Sunday, April 22, 2012

The Power of the Powerless

I had an interesting conversation last night. Strangely enough it put things in a rather different perspective for me. It is true that my work and ideas are largely excluded from orthodox academia. A google scholar search shows that the only other scholar to refer to the special settlement regime as an apartheid system is Galina Ivanova. But, Russian scholarship in the 1990s was considerably more diverse than the reigning orthodoxy in the US today on Soviet nationality policies established by people like Francine Hirsch. It was certainly far, far more critical of the Soviet regime. It is also true that this exclusion gets reinforced on the Internet where most academics refuse to even consider the application of negative terms such as racism, apartheid, colonialism, and genocide to any action ever taken by the government of the USSR. But, it is precisely because much of American academia strives towards a totalitarian model that my marginalization may be less than the total dismissal that I had previously thought.

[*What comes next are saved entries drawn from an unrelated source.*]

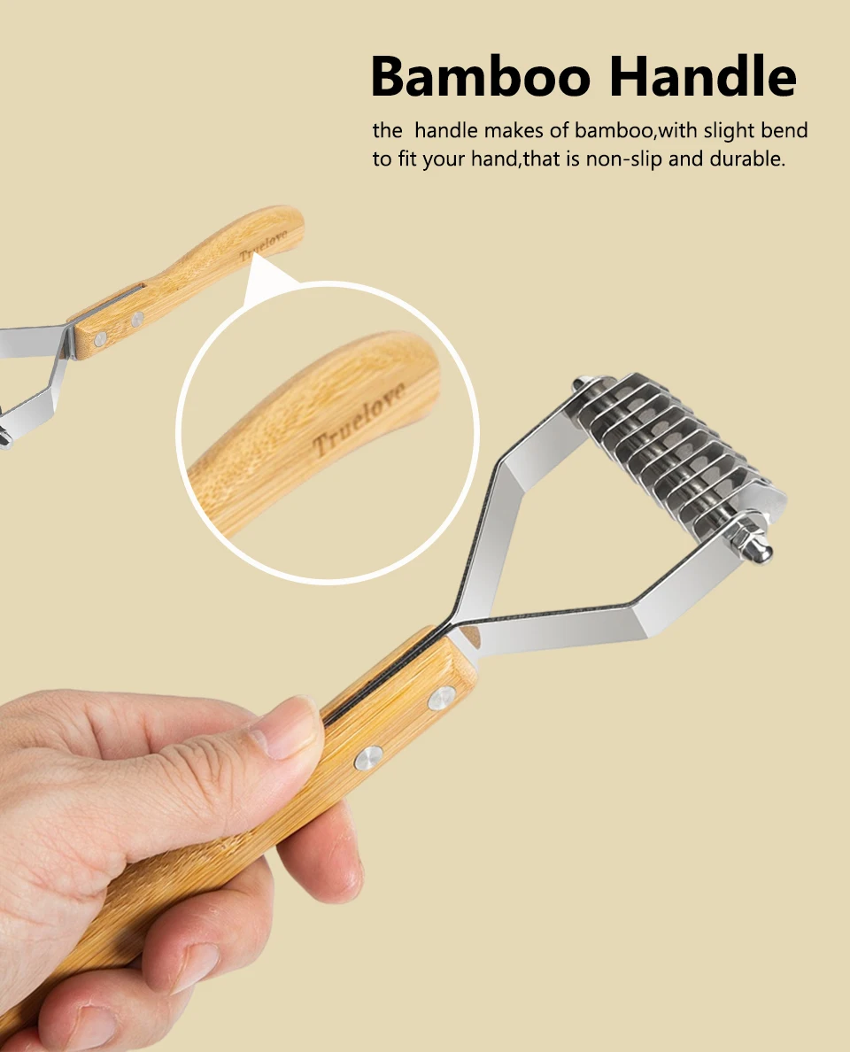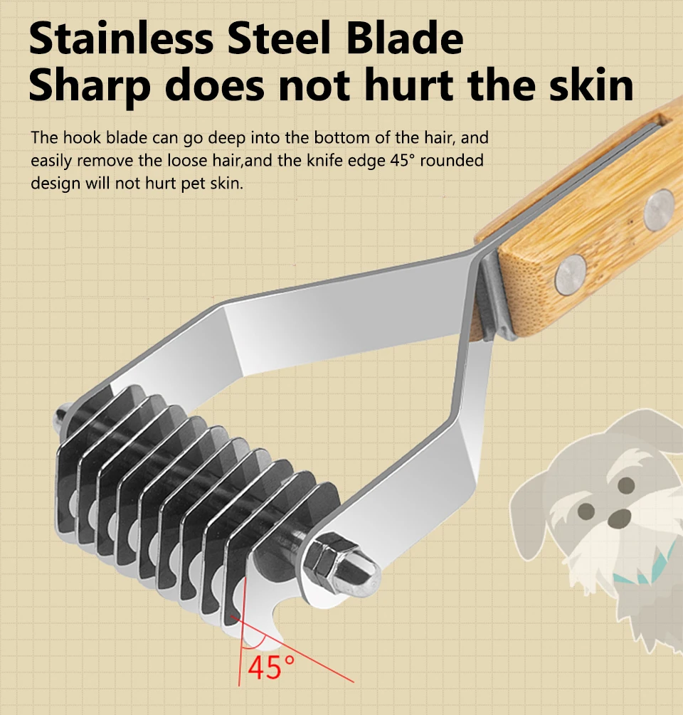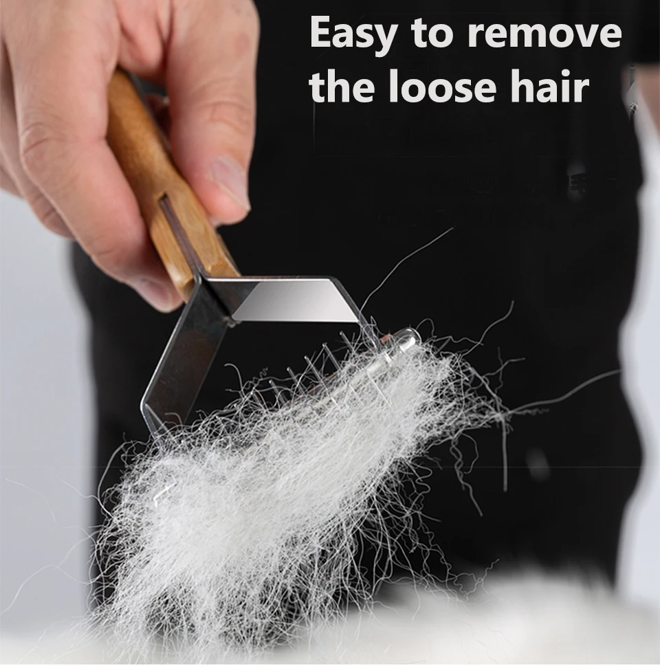 1. 【Dientes de acero inoxidable】 -- Hemos diseñado dientes finos redondeados en un ángulo de 45 °, penetran fácilmente y con seguridad en la capa interna para cepillar el cabello desprendido.
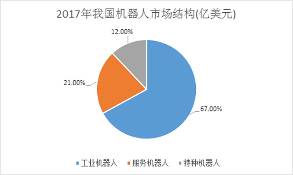 2017年我國機器人市場規(guī)模達到62.8億美元,2012-2017年的平均增長率達到28%。其中,工業(yè)機器人42.2億美元,服務機器人13.2億美元,特種機器人7.4億美元。
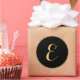 Monogram E in script, gold coloured on black background
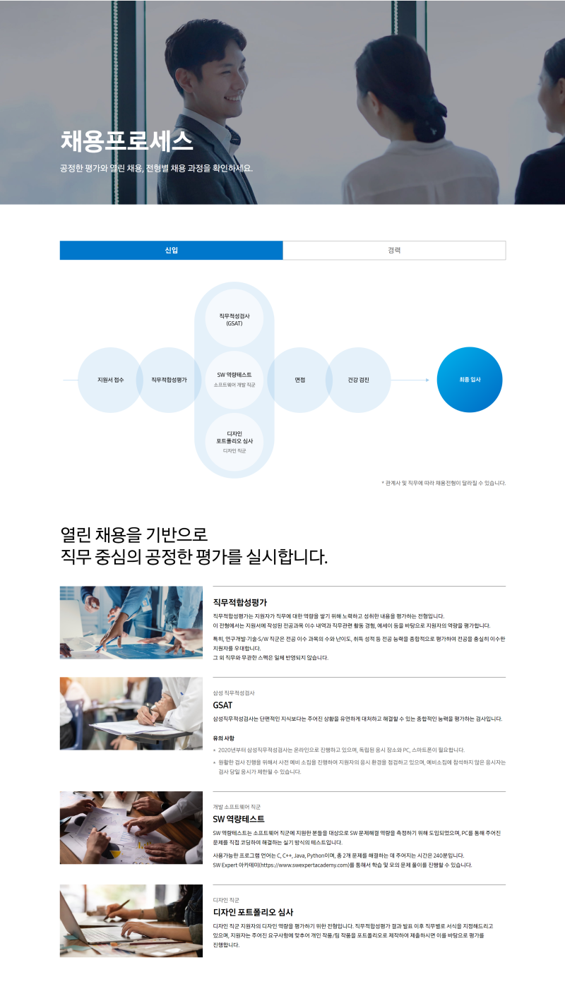 • 인재상: 몰입과 도전으로 혁신을 선도하는 인재, 고객과 세상을 이롭게 하는 창의적인 인재
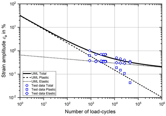 Figure 2 shows the strain-life curve according to the UML using the parameters specified above in Table 2. The total strain-life curve and also its elastic and plastic components are shown. The validity of the UML for the material analysed is verified by the test results. In addition to the tensile tests, numerous cyclic tests were carried out on specimens taken from the analysed railway axle, some of which are presented in [14]. The results which include different applied strain amplitudes and a constant load strain ratio of Rε = −1 are also plotted in the same diagram. Again, the total strain amplitude and the elastic and plastic components are plotted. The estimated strain-life curve shows good agreement with the test results.
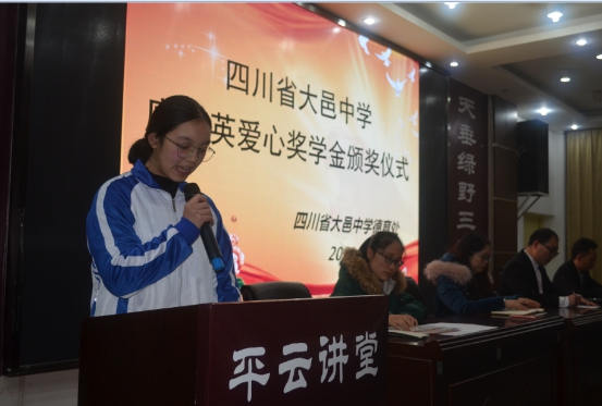 接下来,由高一年级获奖同学发表获奖感言。他表示:作为一名唐仲英爱心奖学金获得者,在以后的学习生活中,一定会秉承唐仲英基金会“服务社会,奉献爱心,推己及人,薪火相传”的宗旨,用自己的实际行动去帮助、影响更多的人。
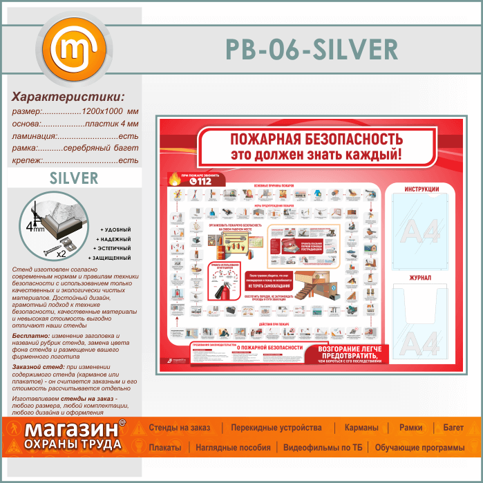 Стенд «Пожарная безопасность. Это должен знать каждый» с плоским и объемным карманами (PB-06-SILVER) в Краснодаре купить
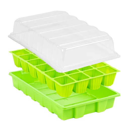 Miniszklarenka wyprodukowana została z wysokiej jakości tworzywa sztucznego. W jej wnętrzu utrzymuje się stała temperatura: nie musisz obawiać się o wysychanie plonów lub ich więdnięcie. Produkt jest odporny na uszkodzenia, ale i elastyczny, dzięki czemu bez problemu wyjmiesz bryły korzeniowe z komórek.
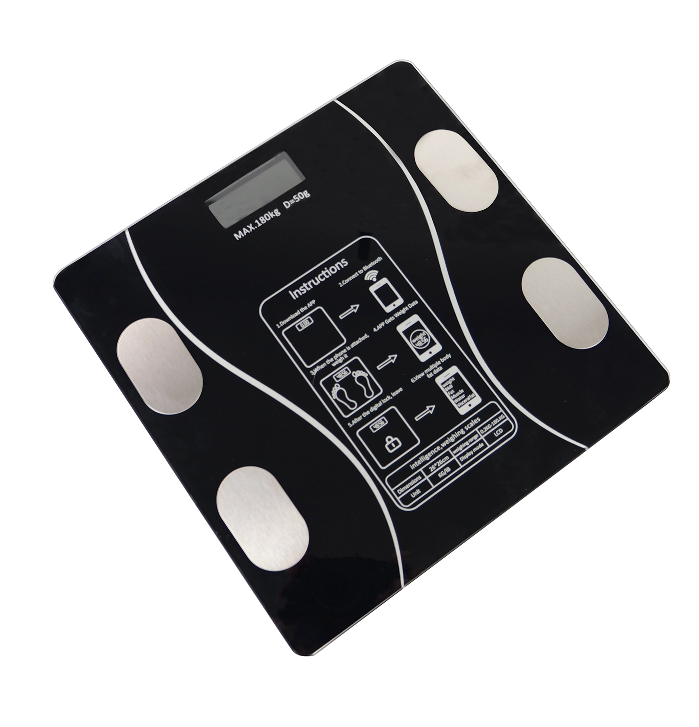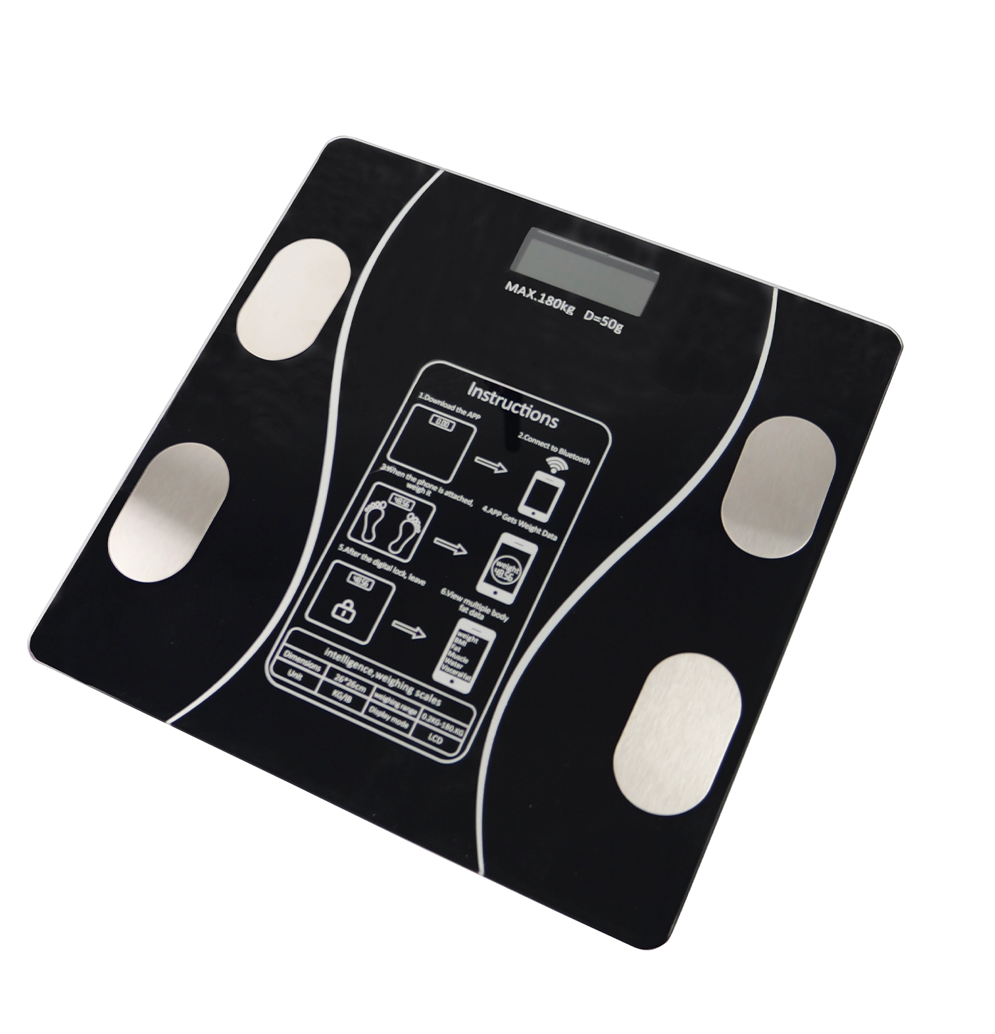 Waga została wyposażona w inteligentne funkcje, które zwiększają wygodę i precyzję pomiarów. Automatyczne włączanie i wyłączanie pozwala oszczędzać energię, a zakres ważenia do 180 kg z dokładnością do 100 g sprawia, że urządzenie sprawdzi się w różnych zastosowaniach. Możliwość zmiany jednostek (kg, lb, st) pozwala dopasować pomiar do indywidualnych potrzeb. Dodatkowo, wbudowany moduł Bluetooth umożliwia synchronizację ze smartfonem, co pozwala na analizę składu ciała, w tym pomiar tkanki tłuszczowej i masy mięśniowej. Waga wyświetla również temperaturę otoczenia oraz poziom baterii, co czyni ją jeszcze bardziej praktycznym urządzeniem do codziennego użytku.
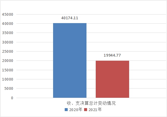 2021年度收、支总计19944.77万元。与2020年相比,收、支总计减少20229.34万元,下降50.35%。主要变动原因是实有资金账户结转的上级补助资金减少。
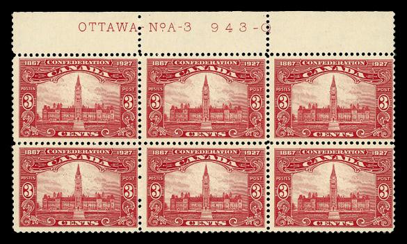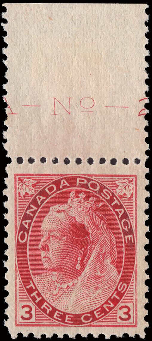 1898, Queen Victoria "Numeral", 3¢ carmine (Scott 78), a choice top sheet margin single with faint plate" No. 2", wonderfully fresh and beautifully centered, Extremely Fine, with a 2021 Crowe certificate. Unitrade C$450 ($330). Scott $220. (Image)
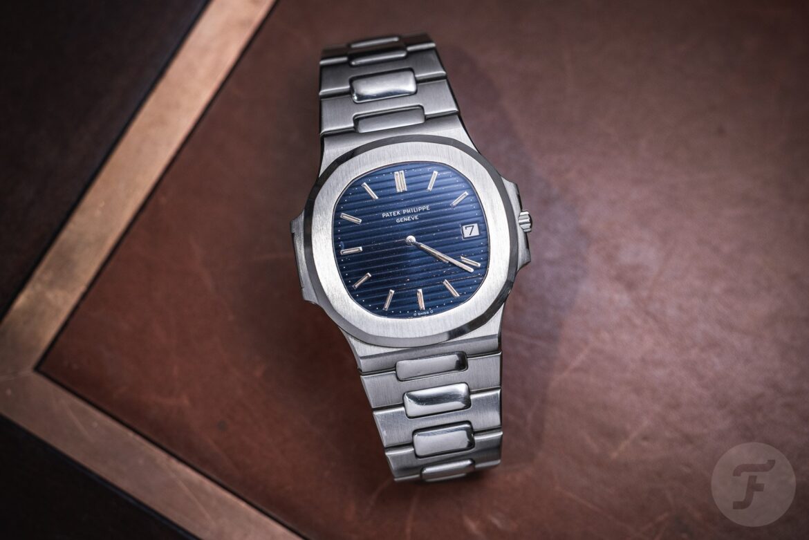 Lancée en 1976, la ref. 3700 est l’originale qui a posé les bases du design de la Nautilus. Son boîtier de 40 mm au profil mince de 7,5 mm se distingue par une lunette octogonale subtilement arrondie. Cette construction unique en deux parties, avec des « oreilles » sur les côtés fixées par des vis, garantissait une étanchéité de 120 mètres, une prouesse technique pour l’époque. Le mouvement ultra-fin calibre 28-255C, développé à partir d’un ébauche Jaeger-LeCoultre, était essentiel à la vision de Genta d’une montre élégante et profilée. Produite en seulement 3 300 exemplaires sur 14 ans, cette référence reste aujourd’hui une pièce recherchée, avec des prix avoisinant les 100 000 € sur le marché de l’occasion.

The argument is that the less room that a regime makes for dissenting ideas the more dangerous it perceives any dissenting ideas. Hence the spectacle of the Soviet and other dictatorships arresting and persecuting people for rather innocuous opposition activities. Now American academia is not anywhere near that level of ideological control, but it is far less diverse than American society as a whole in terms of the acceptance of unorthodox ideas.  So just as the presence of graffiti calling for the overthrow of an authoritarian regime has more meaning than political graffiti in a truly liberal and tolerant society, my dissent has some meaning by the very fact that there is a reigning academic orthodoxy enforced through hiring practices and peer review. Although I have found that it is still possible to surmount this last instrument of control, it has gotten ideologically much tighter in the last couple of years.  However, just like political graffiti in the capital of an authoritarian regime my writing on this blog does indicate that there is not complete overt consent and compliance with the ruling dogma. In a completely open system it is meaningless. But, the more the system attempts to shut out or even just ignore alternative ideas the more potential such graffiti has to be an ideological irritant to the people who enforce the ruling orthodoxy. This is the gist of the argument I got from the person I was debating last night. I initially had a lot of doubts about its veracity. I would have thought that the more closed the system became the easier it was for everybody to completely ignore me. I am guessing that 99.9% of historians in the US teaching Soviet history have never heard of me or read any of my published works. However, I did like his optimism. So from now on I am going to act as if my words might very well serve the same type of function as opposition graffiti in an illiberal state. It greatly increases my status from being a complete nobody.